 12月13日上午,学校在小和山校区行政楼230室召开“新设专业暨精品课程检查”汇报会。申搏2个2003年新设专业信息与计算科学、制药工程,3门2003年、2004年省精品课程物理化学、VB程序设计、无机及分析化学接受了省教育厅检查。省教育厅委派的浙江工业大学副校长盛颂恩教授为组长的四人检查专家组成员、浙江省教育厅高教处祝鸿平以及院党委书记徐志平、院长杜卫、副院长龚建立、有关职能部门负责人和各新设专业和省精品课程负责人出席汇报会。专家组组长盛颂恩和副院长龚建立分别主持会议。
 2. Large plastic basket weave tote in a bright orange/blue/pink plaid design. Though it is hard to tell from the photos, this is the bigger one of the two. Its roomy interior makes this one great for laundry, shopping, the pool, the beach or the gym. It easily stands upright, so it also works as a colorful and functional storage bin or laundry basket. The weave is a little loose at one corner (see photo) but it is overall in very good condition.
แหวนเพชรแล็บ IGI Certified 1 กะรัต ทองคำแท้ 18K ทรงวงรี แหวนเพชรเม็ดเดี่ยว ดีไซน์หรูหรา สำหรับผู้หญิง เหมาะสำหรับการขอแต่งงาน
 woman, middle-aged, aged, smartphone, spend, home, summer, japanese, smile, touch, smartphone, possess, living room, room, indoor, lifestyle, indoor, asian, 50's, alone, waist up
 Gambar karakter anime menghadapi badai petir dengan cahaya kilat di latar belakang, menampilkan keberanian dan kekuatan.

--

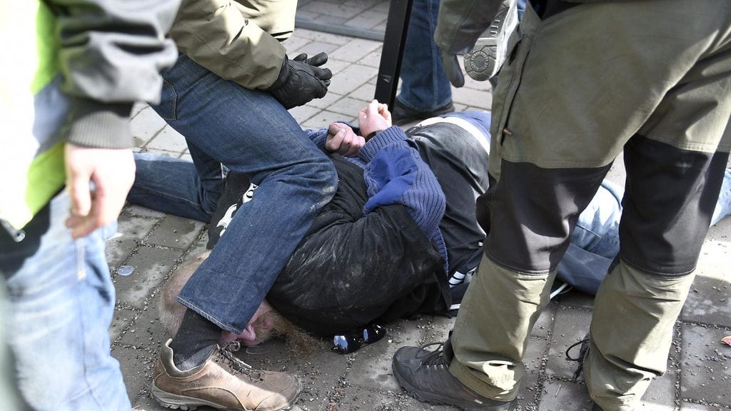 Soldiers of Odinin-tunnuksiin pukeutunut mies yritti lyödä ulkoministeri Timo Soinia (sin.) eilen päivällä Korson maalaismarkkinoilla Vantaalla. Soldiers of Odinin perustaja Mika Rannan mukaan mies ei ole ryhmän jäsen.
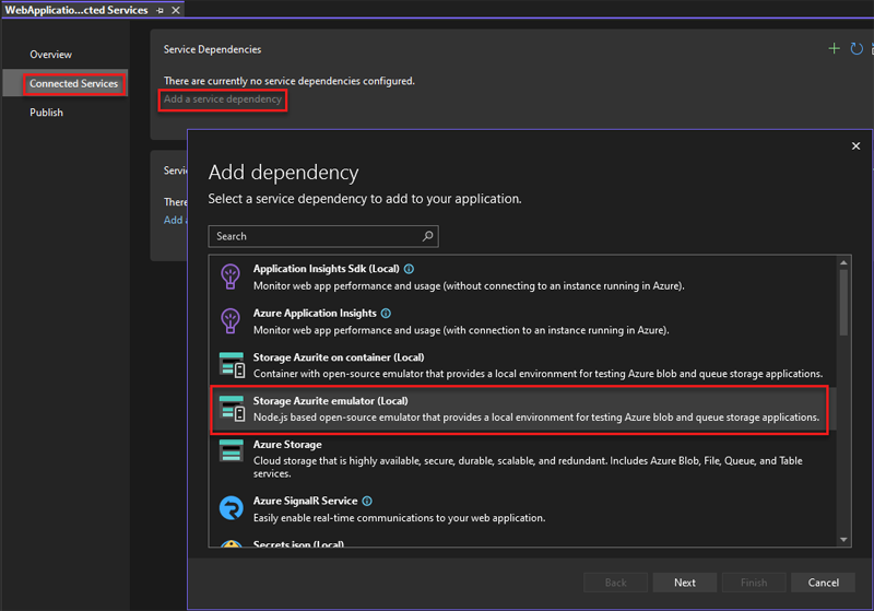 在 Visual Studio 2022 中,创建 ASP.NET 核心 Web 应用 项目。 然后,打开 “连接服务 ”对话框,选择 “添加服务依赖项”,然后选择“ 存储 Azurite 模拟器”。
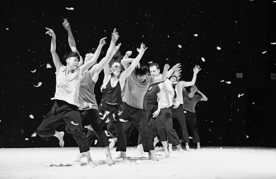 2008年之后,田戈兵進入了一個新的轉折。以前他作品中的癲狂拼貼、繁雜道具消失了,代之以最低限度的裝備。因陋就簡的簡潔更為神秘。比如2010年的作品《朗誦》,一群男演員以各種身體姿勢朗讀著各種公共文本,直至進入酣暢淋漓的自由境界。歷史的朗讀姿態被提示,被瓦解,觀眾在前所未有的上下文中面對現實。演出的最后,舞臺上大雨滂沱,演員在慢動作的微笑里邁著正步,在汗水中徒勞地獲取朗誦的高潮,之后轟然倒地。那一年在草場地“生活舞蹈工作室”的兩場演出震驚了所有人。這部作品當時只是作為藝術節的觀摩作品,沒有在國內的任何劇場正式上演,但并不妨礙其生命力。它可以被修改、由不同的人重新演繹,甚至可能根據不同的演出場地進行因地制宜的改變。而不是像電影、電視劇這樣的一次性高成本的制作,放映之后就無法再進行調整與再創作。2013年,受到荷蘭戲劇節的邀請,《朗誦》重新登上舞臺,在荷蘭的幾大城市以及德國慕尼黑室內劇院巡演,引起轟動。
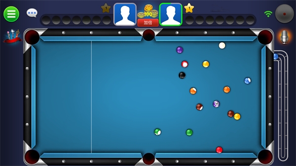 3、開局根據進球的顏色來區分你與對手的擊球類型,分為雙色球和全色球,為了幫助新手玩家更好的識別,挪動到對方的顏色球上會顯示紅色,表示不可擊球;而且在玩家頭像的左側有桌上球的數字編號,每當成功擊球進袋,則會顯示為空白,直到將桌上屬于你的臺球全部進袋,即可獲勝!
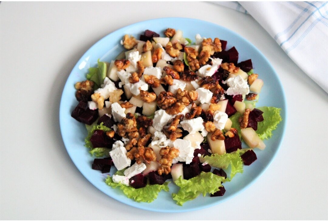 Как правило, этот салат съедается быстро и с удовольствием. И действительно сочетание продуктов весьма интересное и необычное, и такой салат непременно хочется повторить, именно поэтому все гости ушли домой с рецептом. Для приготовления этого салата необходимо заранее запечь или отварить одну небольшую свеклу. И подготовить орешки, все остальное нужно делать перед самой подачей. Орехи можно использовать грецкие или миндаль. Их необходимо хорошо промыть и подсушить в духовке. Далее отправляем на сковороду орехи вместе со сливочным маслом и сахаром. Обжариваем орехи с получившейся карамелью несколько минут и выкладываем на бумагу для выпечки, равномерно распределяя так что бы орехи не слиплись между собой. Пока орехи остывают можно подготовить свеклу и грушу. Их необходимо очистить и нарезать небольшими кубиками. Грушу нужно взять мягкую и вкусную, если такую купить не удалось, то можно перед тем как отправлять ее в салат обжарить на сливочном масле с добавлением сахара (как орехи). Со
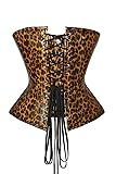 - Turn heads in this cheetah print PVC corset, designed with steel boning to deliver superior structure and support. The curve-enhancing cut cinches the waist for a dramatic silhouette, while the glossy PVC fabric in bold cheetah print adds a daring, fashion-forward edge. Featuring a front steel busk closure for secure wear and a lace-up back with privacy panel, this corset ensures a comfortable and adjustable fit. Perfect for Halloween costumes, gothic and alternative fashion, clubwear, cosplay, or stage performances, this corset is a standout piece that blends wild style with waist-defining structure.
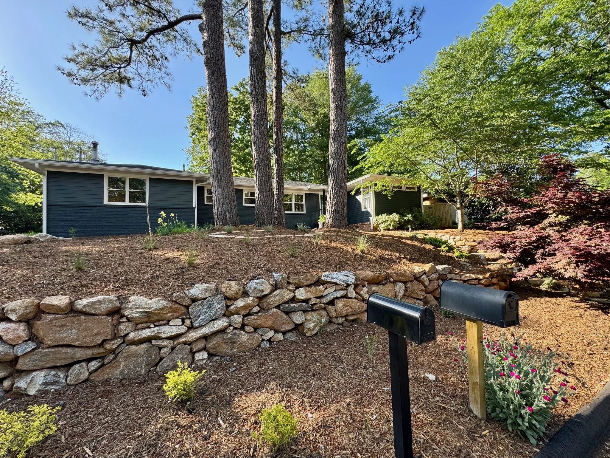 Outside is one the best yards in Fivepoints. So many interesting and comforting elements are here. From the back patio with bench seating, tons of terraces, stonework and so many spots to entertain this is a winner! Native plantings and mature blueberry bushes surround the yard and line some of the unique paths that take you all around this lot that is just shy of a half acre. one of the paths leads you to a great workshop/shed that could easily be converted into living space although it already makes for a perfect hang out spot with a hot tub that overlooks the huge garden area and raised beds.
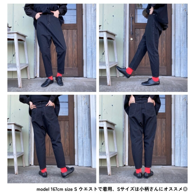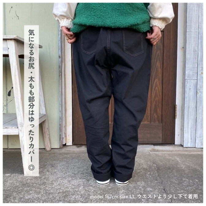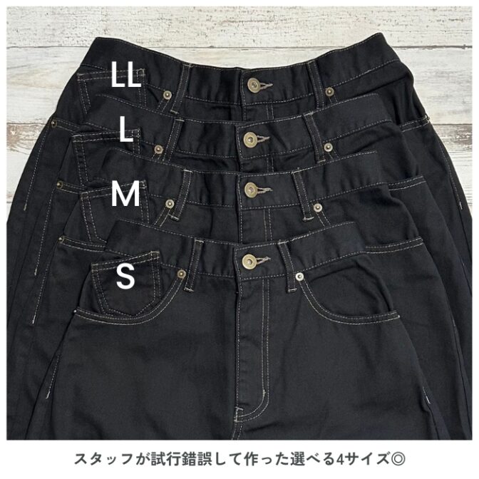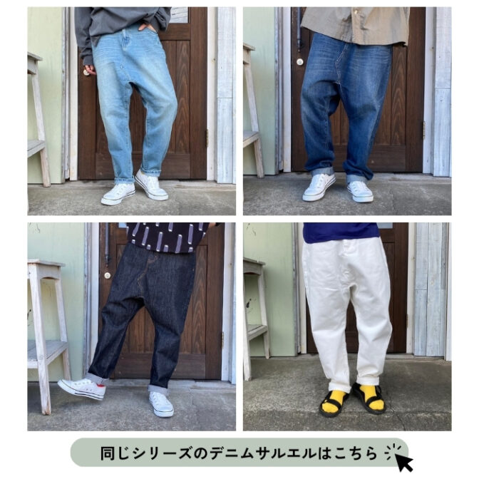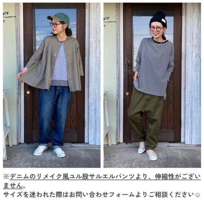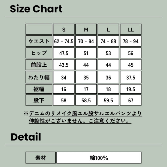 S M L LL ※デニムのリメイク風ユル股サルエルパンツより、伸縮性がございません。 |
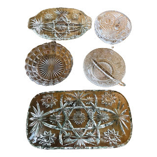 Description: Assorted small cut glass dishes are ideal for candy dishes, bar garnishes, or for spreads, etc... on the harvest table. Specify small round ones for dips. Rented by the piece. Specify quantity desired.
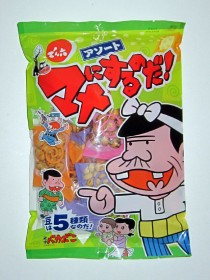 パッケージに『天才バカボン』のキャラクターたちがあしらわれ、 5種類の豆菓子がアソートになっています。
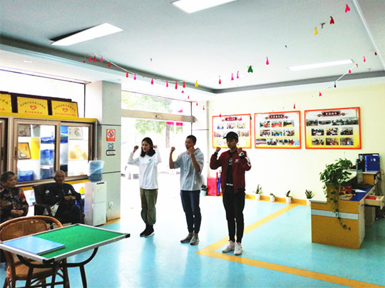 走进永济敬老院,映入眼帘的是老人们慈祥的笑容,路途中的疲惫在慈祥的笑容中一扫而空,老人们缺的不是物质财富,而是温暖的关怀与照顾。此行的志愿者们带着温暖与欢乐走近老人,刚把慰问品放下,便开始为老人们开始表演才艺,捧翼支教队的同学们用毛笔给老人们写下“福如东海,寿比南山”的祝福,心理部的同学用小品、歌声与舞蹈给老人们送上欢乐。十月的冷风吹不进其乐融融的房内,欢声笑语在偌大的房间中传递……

--

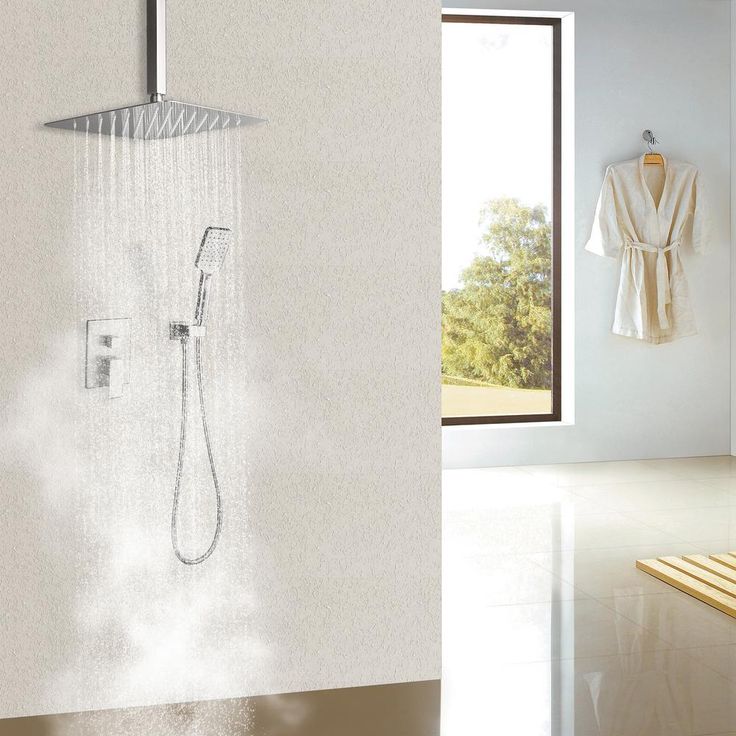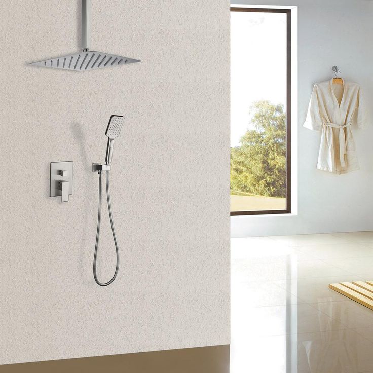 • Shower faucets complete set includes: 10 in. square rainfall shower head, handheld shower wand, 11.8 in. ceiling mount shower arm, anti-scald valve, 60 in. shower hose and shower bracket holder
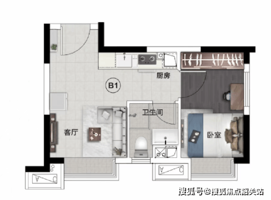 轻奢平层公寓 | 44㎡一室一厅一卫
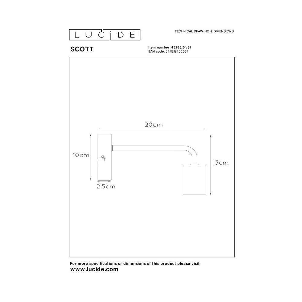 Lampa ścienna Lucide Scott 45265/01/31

--

= What is expected =
Transcribe, from the material above, the stretch starting at the line with "Soldiers of Odinin-tunnuksiin" and ending at the line with "3、開局根據進球的顏色來區分", both included, exactly. Do not carry over pictures.

= Your solution =
 Soldiers of Odinin-tunnuksiin pukeutunut mies yritti lyödä ulkoministeri Timo Soinia (sin.) eilen päivällä Korson maalaismarkkinoilla Vantaalla. Soldiers of Odinin perustaja Mika Rannan mukaan mies ei ole ryhmän jäsen.
 在 Visual Studio 2022 中,创建 ASP.NET 核心 Web 应用 项目。 然后,打开 “连接服务 ”对话框,选择 “添加服务依赖项”,然后选择“ 存储 Azurite 模拟器”。
 2008年之后,田戈兵進入了一個新的轉折。以前他作品中的癲狂拼貼、繁雜道具消失了,代之以最低限度的裝備。因陋就簡的簡潔更為神秘。比如2010年的作品《朗誦》,一群男演員以各種身體姿勢朗讀著各種公共文本,直至進入酣暢淋漓的自由境界。歷史的朗讀姿態被提示,被瓦解,觀眾在前所未有的上下文中面對現實。演出的最后,舞臺上大雨滂沱,演員在慢動作的微笑里邁著正步,在汗水中徒勞地獲取朗誦的高潮,之后轟然倒地。那一年在草場地“生活舞蹈工作室”的兩場演出震驚了所有人。這部作品當時只是作為藝術節的觀摩作品,沒有在國內的任何劇場正式上演,但并不妨礙其生命力。它可以被修改、由不同的人重新演繹,甚至可能根據不同的演出場地進行因地制宜的改變。而不是像電影、電視劇這樣的一次性高成本的制作,放映之后就無法再進行調整與再創作。2013年,受到荷蘭戲劇節的邀請,《朗誦》重新登上舞臺,在荷蘭的幾大城市以及德國慕尼黑室內劇院巡演,引起轟動。
 3、開局根據進球的顏色來區分你與對手的擊球類型,分為雙色球和全色球,為了幫助新手玩家更好的識別,挪動到對方的顏色球上會顯示紅色,表示不可擊球;而且在玩家頭像的左側有桌上球的數字編號,每當成功擊球進袋,則會顯示為空白,直到將桌上屬于你的臺球全部進袋,即可獲勝!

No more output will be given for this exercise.